▶ **EXERCISE GOAL**: Below are entries with pictures among them; reproduce exactly, and only, the lines from the one containing "Денежные переводы из" down to the one containing "Ansamblul rezidential Roka", without the pictures.

▶ **SOURCE DATA**:
=-=-=
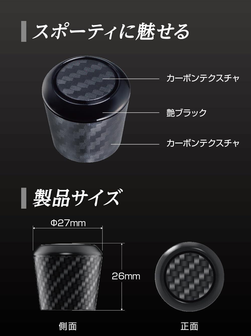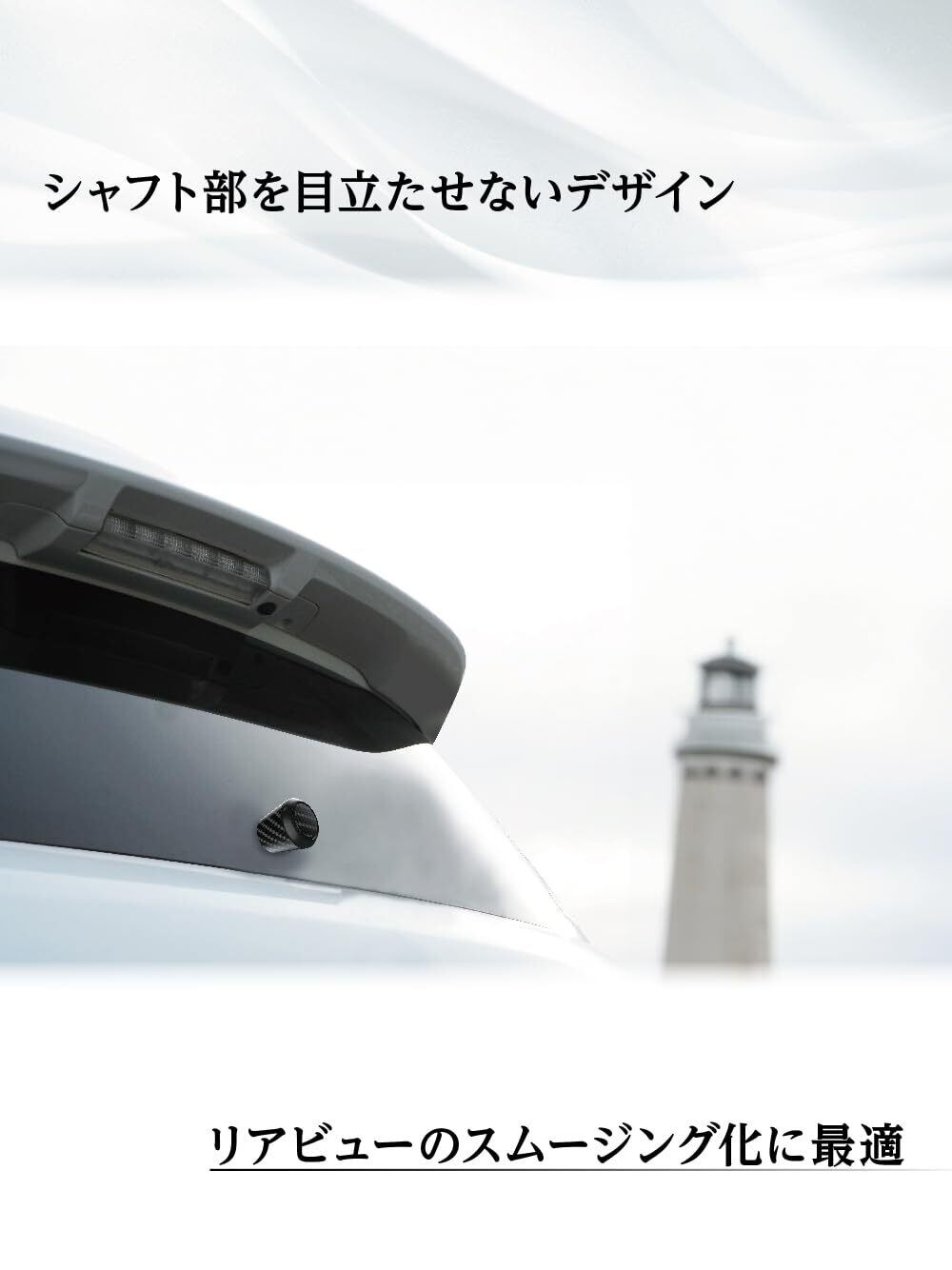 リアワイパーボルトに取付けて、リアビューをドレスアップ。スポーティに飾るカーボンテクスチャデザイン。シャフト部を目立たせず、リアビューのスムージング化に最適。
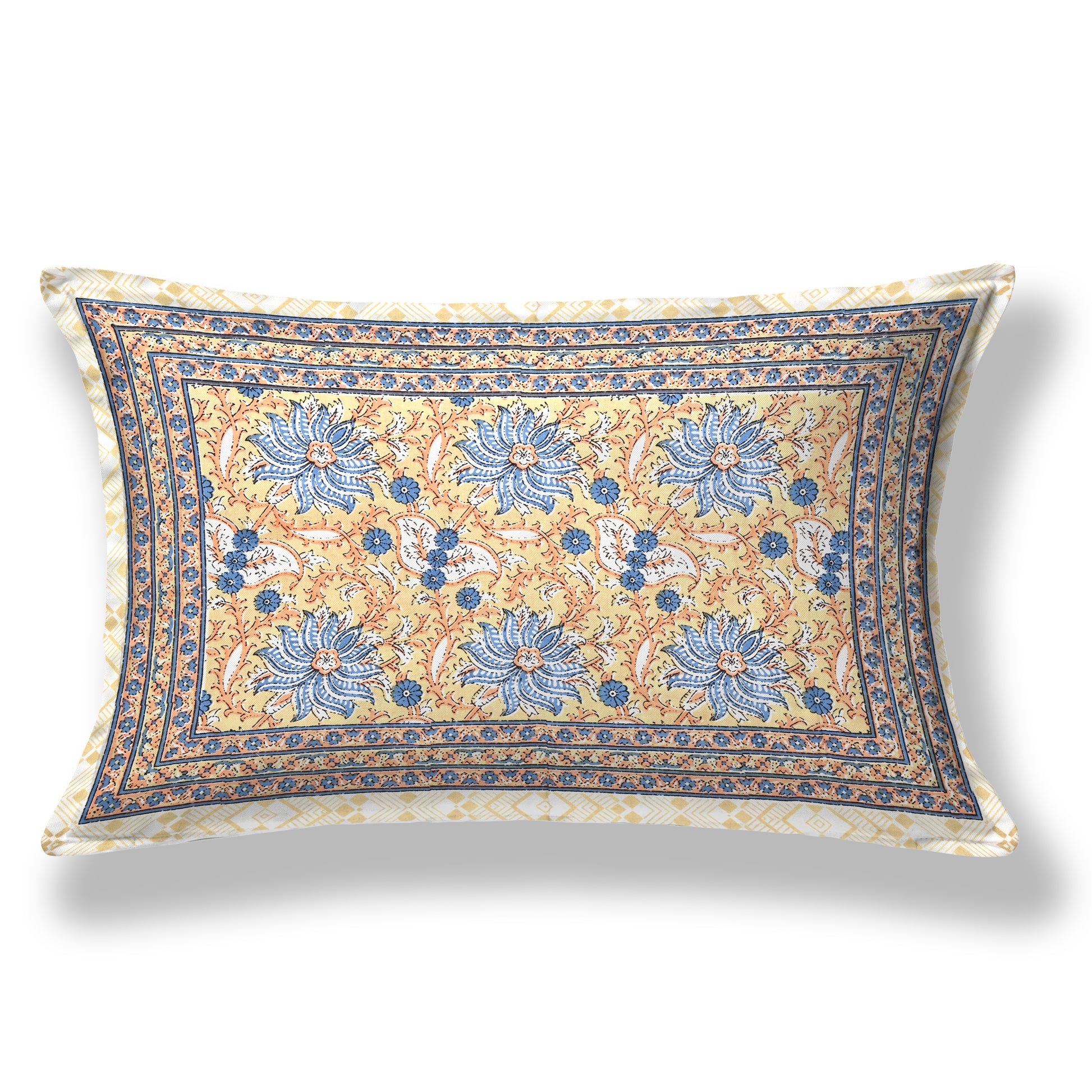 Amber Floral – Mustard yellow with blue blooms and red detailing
=-=-=
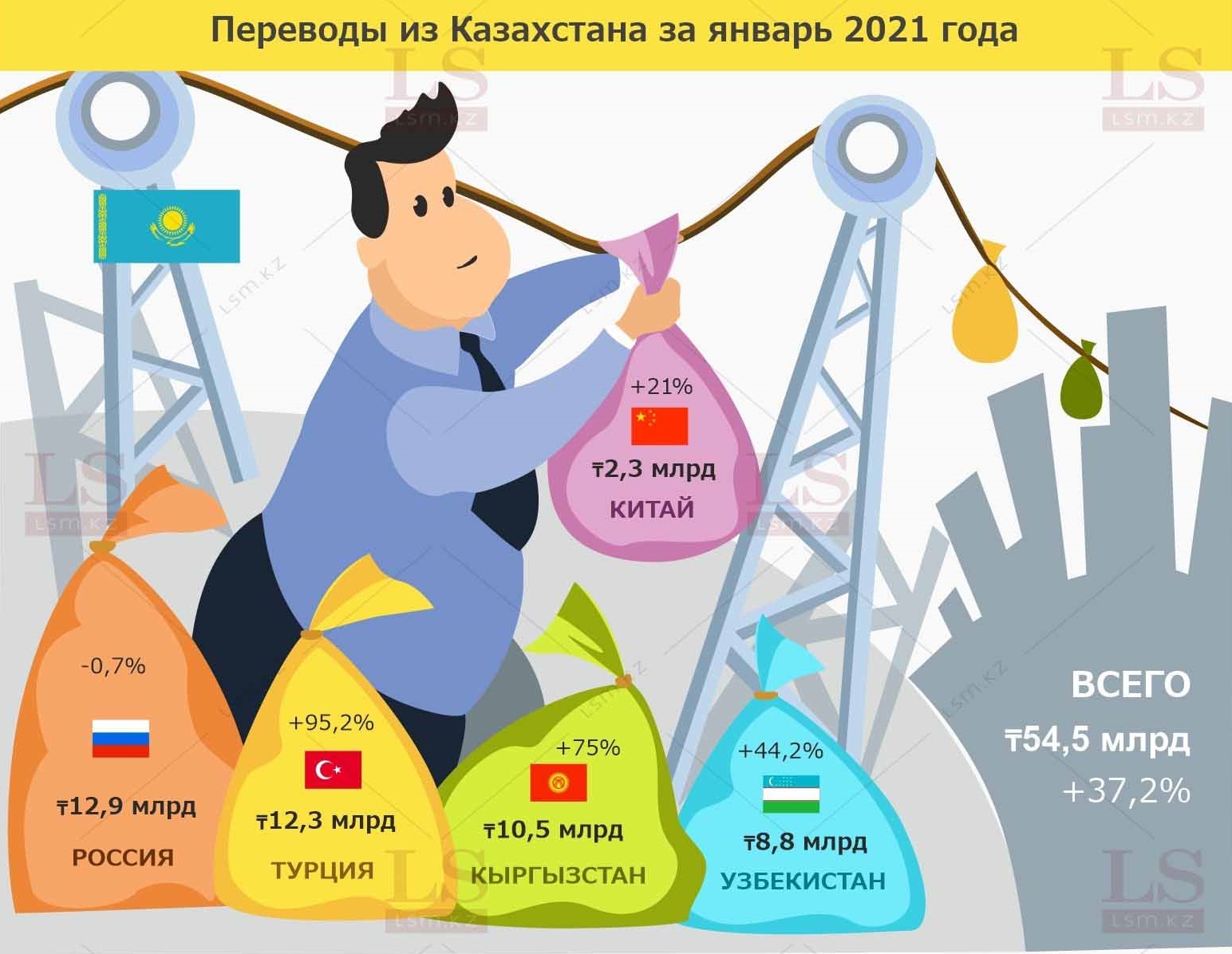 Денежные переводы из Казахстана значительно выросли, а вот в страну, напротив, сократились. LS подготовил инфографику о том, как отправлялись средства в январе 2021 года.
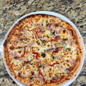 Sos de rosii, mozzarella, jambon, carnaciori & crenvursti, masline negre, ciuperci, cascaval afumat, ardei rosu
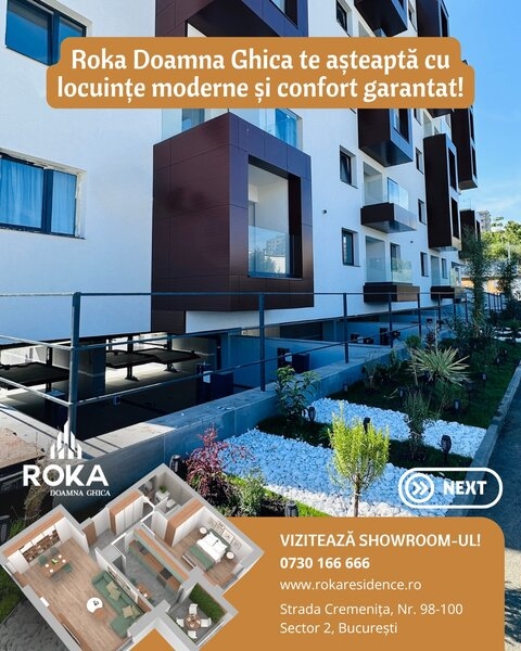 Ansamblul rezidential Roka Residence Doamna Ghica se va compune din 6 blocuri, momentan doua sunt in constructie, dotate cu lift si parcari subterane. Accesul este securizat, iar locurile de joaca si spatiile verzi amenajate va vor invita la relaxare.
=-=-=
▶ **ANSWER BELOW**:
 Денежные переводы из Казахстана значительно выросли, а вот в страну, напротив, сократились. LS подготовил инфографику о том, как отправлялись средства в январе 2021 года.
 Sos de rosii, mozzarella, jambon, carnaciori & crenvursti, masline negre, ciuperci, cascaval afumat, ardei rosu
 Ansamblul rezidential Roka Residence Doamna Ghica se va compune din 6 blocuri, momentan doua sunt in constructie, dotate cu lift si parcari subterane. Accesul este securizat, iar locurile de joaca si spatiile verzi amenajate va vor invita la relaxare.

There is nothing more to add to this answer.